Oxford Vaccine Shows Hopeful Results Against COVID-19

The Oxford vaccine has come out on top as the most promising against COVID-19 out of the 140 developments that are underway in different clinical states around the world.

The pandemic due to COVID-19 continues at maximum levels at the planetary level and the countries that had managed to flatten the curve are suffering outbreaks of different magnitudes once the compulsory confinement has ended and the protection measures have been relaxed. Doctors and scientists warn of the arrival of a second wave in the short term. And hence the importance of vaccines to definitively overcome the health crisis.

Good news comes about it. A study published last night in The Lancet indicates that the Oxford vaccine has passed level one and two clinical trials with reasonable success in effectiveness and safety. That is, offering an immune response that is expected enough and without serious side effects.

The development was baptized as “Chimpanzee Adenovirus Vectorized Vaccine” (ChAdOx1 nCoV-19) and has been genetically engineered from a different virus known to cause the common cold in chimpanzees.

The vaccine has been tested in 1,077 healthy volunteers not infected with the coronavirus and the results are highly promising.

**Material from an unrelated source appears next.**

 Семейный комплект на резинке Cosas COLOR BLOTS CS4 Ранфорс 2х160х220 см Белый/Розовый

The volunteers had antibodies and T lymphocytes, the antivirals produced by the body itself. A small test group was given a second dose resulting in a superior immune response.

As for the side effects and although 70% of test subjects reported mild fever, headache, or fatigue (typical of a common cold and treatable with simple paracetamol), the researchers are confident that these effects can be mitigated in a more advanced version of the vaccine. .

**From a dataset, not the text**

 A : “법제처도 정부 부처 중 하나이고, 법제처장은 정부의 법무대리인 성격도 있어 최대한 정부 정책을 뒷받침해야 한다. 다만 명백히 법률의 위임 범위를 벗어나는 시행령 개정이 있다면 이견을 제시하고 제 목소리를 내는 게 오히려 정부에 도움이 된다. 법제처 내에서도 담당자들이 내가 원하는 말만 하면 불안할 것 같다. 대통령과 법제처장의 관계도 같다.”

Oxford vaccine, now in phase 3

Stage three clinical trials began in late June with more than 10,000 participants. This testing phase requires raising doses in patients until the anticipated immune response or harmful side effects reach a predetermined threshold.

Once this test has been passed, ChAdOx1 nCoV-19 could be approved by regulators to compare it in a fourth phase with similar treatments. If all goes well, we could possibly see groups of critical workers (eg health workers) receive the first doses later this year.

Timelines are shortening and early vaccines like this one are well ahead of what is often development times. Alongside the Oxford vaccine, another Chinese development has also been highlighted in The Lancet’s reporting in the lead group. Other vaccines, slower but surely more complete and reliable, would arrive well into 2021. Hopeful news.